(Directions for this task):
Below are lines of data; restate word for word those running from the line containing "Flashcards | Quizlet" to the line containing "12.3 digital colour", inclusive, and no others.

(Data for analysis):

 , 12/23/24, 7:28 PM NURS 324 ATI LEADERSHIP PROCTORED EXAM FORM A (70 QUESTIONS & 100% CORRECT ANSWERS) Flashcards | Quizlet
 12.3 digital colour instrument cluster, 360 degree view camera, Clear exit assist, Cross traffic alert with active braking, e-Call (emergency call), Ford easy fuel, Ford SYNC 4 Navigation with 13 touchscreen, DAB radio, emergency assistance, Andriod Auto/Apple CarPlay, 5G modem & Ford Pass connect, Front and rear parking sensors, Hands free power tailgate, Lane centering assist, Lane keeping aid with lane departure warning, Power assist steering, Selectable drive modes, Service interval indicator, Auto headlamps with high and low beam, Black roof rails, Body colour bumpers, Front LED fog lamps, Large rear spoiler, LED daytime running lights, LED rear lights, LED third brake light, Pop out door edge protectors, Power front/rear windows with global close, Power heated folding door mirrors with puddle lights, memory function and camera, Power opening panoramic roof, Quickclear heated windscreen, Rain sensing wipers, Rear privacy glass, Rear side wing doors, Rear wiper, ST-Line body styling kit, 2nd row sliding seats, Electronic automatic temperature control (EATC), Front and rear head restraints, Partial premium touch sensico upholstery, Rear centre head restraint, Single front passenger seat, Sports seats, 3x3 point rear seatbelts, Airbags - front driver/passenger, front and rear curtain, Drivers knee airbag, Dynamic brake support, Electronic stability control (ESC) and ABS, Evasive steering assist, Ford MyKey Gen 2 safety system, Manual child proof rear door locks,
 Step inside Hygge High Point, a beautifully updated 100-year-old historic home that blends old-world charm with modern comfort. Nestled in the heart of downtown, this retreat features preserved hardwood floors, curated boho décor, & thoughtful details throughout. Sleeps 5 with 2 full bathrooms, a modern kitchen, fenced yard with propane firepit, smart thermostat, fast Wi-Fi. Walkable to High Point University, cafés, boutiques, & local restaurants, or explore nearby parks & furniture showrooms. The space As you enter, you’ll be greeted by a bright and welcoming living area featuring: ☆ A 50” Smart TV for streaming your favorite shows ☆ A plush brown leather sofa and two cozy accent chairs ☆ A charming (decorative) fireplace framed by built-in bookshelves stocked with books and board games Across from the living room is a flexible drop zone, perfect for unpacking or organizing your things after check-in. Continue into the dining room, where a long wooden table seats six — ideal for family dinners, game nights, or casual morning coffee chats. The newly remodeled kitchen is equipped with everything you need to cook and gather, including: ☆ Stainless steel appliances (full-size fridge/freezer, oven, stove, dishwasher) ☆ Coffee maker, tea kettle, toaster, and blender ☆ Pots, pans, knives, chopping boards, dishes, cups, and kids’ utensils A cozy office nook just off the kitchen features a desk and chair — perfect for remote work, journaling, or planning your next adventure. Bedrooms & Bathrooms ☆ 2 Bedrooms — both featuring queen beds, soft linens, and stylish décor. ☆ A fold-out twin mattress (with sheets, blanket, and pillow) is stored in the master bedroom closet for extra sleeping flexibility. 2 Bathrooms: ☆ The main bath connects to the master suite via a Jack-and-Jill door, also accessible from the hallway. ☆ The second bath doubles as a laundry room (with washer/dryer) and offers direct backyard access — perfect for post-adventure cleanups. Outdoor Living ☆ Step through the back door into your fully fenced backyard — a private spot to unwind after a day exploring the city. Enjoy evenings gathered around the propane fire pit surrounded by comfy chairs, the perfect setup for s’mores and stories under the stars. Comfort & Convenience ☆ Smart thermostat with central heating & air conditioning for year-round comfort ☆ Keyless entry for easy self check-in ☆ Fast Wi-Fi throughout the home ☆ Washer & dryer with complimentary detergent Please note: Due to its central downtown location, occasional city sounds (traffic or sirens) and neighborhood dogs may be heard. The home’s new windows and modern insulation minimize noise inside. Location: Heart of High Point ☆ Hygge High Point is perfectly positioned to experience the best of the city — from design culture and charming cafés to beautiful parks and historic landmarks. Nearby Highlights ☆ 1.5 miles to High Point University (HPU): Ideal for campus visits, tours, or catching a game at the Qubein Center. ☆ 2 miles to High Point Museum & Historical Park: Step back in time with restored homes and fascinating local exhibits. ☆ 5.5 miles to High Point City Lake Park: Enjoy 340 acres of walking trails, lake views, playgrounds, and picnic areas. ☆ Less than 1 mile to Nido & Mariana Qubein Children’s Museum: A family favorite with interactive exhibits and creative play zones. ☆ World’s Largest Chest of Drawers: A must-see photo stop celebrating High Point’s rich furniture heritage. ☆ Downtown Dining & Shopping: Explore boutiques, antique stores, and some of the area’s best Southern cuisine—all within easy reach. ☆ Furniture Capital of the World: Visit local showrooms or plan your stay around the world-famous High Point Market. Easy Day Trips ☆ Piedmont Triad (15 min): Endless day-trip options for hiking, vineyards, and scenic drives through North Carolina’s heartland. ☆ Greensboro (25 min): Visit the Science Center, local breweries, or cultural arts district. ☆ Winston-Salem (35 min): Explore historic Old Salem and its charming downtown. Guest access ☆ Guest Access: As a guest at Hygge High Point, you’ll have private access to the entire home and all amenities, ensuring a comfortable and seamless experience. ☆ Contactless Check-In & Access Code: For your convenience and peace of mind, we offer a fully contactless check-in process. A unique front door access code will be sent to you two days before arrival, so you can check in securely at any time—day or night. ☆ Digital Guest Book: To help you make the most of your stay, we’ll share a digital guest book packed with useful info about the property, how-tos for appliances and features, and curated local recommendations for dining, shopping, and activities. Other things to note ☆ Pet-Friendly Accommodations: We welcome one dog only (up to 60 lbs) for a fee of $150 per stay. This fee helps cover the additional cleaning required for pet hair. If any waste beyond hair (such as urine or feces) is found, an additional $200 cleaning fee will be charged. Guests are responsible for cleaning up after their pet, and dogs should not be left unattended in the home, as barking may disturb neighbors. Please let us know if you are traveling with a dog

---

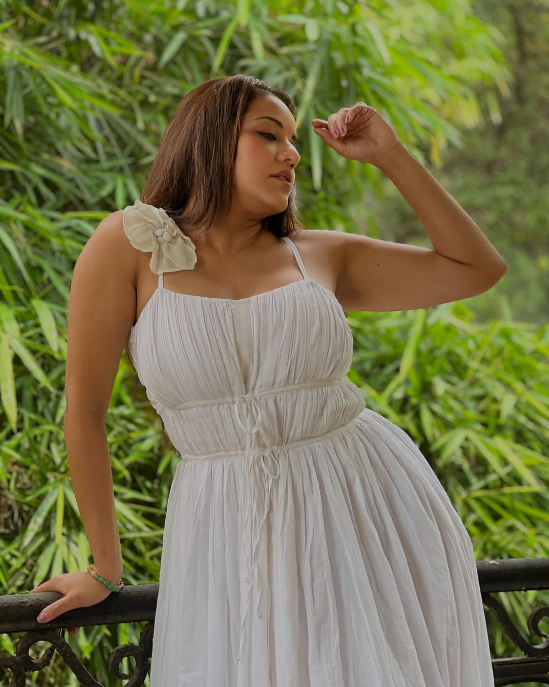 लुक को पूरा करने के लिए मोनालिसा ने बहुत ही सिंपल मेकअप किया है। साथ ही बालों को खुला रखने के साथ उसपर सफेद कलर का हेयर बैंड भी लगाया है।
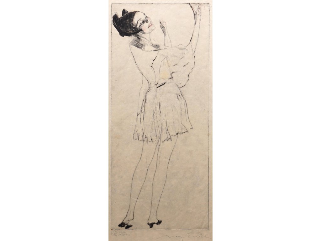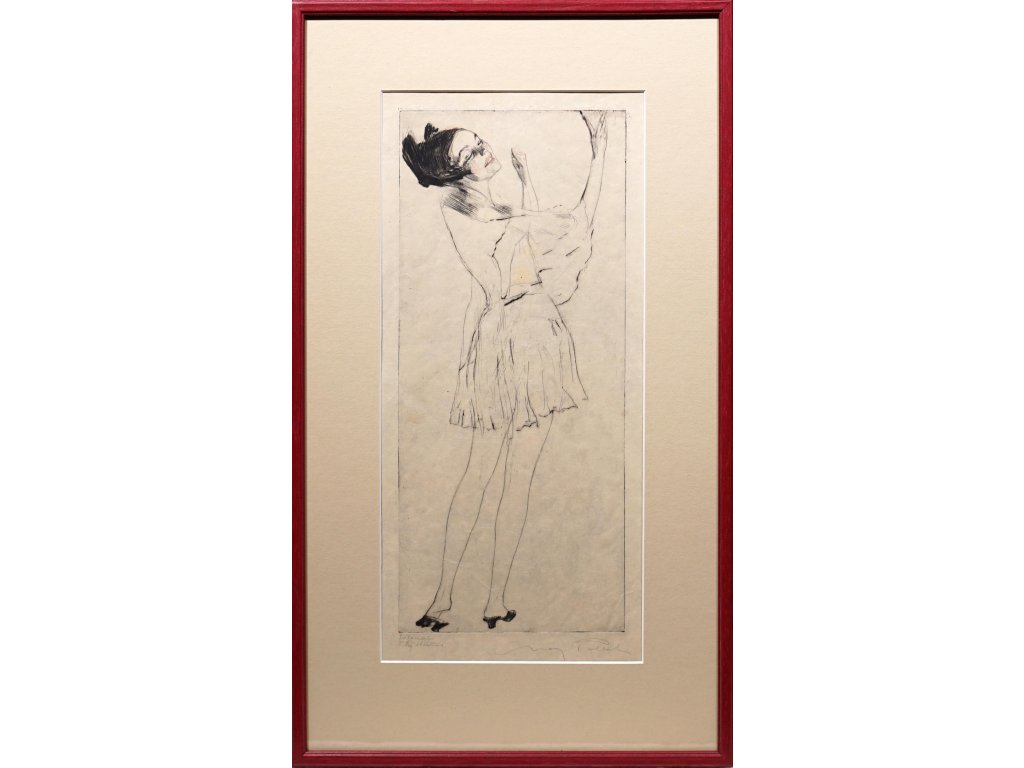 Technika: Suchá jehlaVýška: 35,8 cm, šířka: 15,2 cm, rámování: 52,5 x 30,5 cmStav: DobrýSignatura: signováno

...

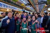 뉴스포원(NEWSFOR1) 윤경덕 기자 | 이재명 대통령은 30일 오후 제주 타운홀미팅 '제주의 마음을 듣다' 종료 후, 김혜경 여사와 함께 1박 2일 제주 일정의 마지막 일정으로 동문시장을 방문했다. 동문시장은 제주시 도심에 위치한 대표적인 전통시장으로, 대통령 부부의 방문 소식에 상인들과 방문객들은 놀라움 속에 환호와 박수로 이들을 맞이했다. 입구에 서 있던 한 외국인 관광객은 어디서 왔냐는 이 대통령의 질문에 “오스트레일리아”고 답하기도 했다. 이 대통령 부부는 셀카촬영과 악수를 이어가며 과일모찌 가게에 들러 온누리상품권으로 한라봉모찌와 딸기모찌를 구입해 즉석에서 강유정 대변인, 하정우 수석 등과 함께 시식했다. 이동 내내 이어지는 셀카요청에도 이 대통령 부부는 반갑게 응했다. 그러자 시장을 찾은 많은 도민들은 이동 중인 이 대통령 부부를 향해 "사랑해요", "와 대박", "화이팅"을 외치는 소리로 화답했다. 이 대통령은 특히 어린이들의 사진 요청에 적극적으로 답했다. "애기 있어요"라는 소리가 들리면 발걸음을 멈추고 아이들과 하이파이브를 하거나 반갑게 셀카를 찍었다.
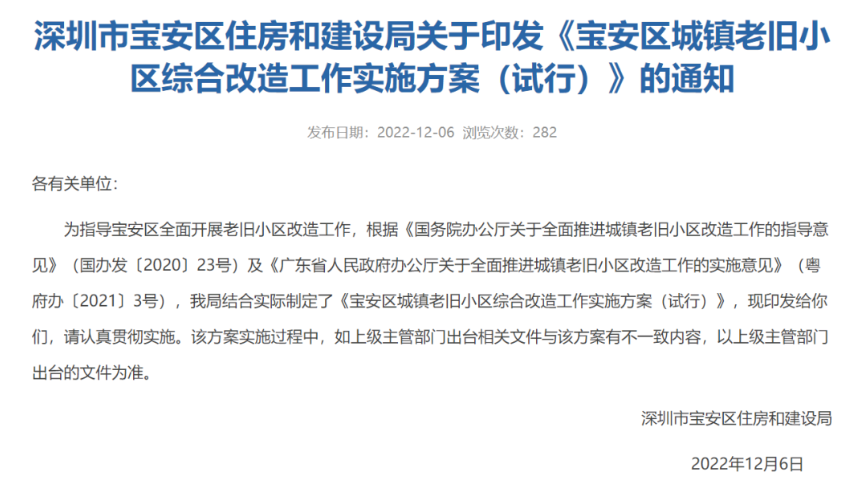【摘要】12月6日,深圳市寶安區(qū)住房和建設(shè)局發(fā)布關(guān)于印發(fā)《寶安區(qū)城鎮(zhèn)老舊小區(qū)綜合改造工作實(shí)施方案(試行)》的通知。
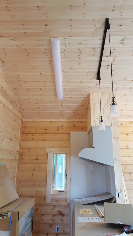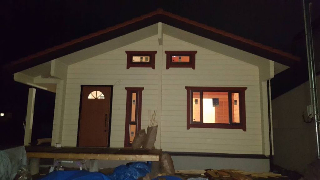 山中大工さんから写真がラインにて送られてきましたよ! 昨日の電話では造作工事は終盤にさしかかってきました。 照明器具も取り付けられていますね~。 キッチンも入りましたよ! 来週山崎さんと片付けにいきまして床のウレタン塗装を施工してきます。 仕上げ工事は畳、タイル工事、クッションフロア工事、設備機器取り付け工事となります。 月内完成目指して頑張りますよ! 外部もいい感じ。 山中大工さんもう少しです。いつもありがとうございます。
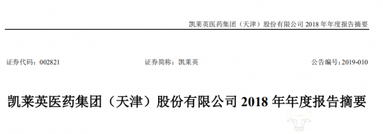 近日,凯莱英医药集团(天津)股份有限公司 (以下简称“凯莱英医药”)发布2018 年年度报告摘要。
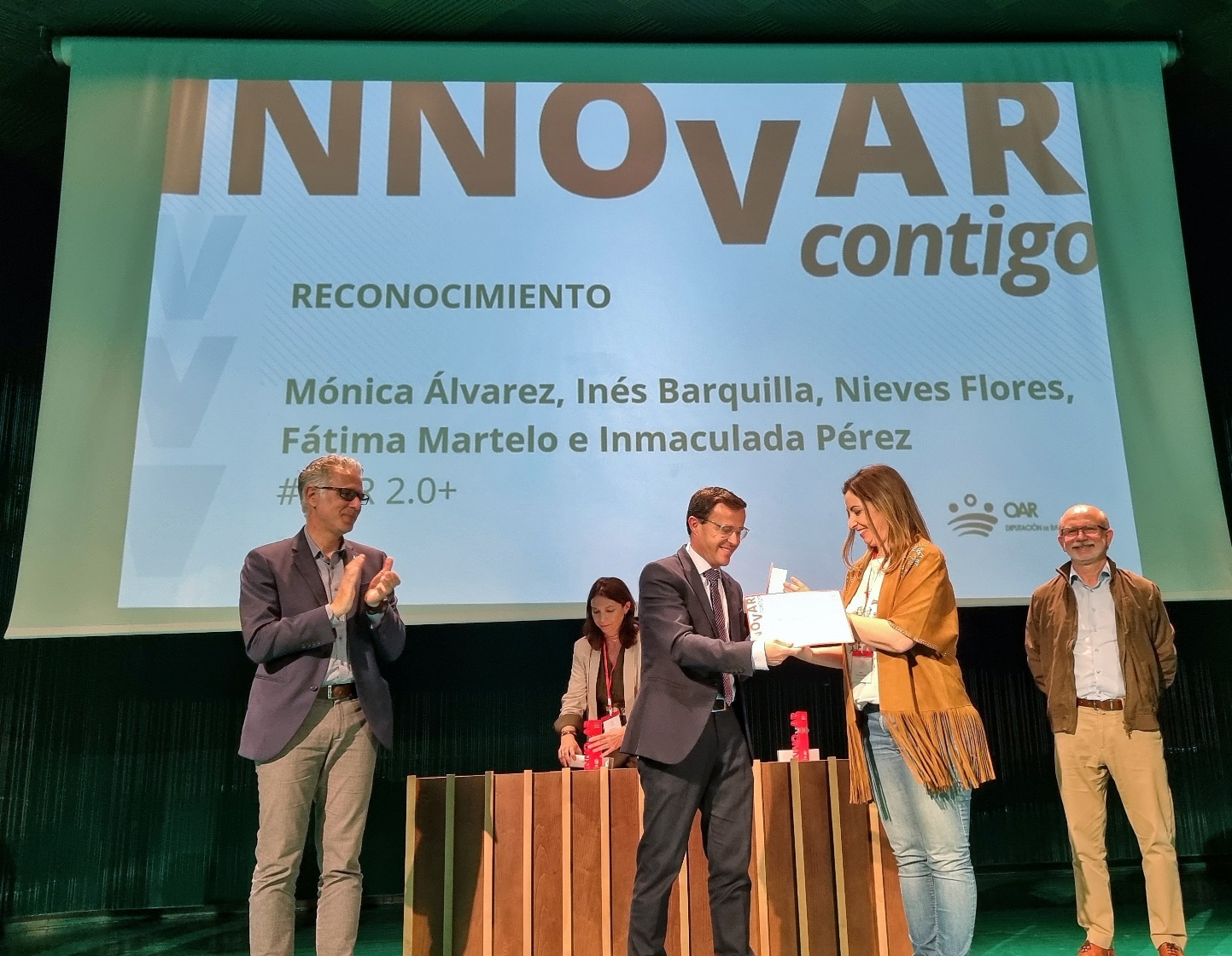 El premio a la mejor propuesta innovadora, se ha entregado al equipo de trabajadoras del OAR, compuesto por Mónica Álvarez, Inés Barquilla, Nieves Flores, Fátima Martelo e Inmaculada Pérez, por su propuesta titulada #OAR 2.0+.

(Task output):
 , 12/23/24, 7:28 PM NURS 324 ATI LEADERSHIP PROCTORED EXAM FORM A (70 QUESTIONS & 100% CORRECT ANSWERS) Flashcards | Quizlet
 12.3 digital colour instrument cluster, 360 degree view camera, Clear exit assist, Cross traffic alert with active braking, e-Call (emergency call), Ford easy fuel, Ford SYNC 4 Navigation with 13 touchscreen, DAB radio, emergency assistance, Andriod Auto/Apple CarPlay, 5G modem & Ford Pass connect, Front and rear parking sensors, Hands free power tailgate, Lane centering assist, Lane keeping aid with lane departure warning, Power assist steering, Selectable drive modes, Service interval indicator, Auto headlamps with high and low beam, Black roof rails, Body colour bumpers, Front LED fog lamps, Large rear spoiler, LED daytime running lights, LED rear lights, LED third brake light, Pop out door edge protectors, Power front/rear windows with global close, Power heated folding door mirrors with puddle lights, memory function and camera, Power opening panoramic roof, Quickclear heated windscreen, Rain sensing wipers, Rear privacy glass, Rear side wing doors, Rear wiper, ST-Line body styling kit, 2nd row sliding seats, Electronic automatic temperature control (EATC), Front and rear head restraints, Partial premium touch sensico upholstery, Rear centre head restraint, Single front passenger seat, Sports seats, 3x3 point rear seatbelts, Airbags - front driver/passenger, front and rear curtain, Drivers knee airbag, Dynamic brake support, Electronic stability control (ESC) and ABS, Evasive steering assist, Ford MyKey Gen 2 safety system, Manual child proof rear door locks,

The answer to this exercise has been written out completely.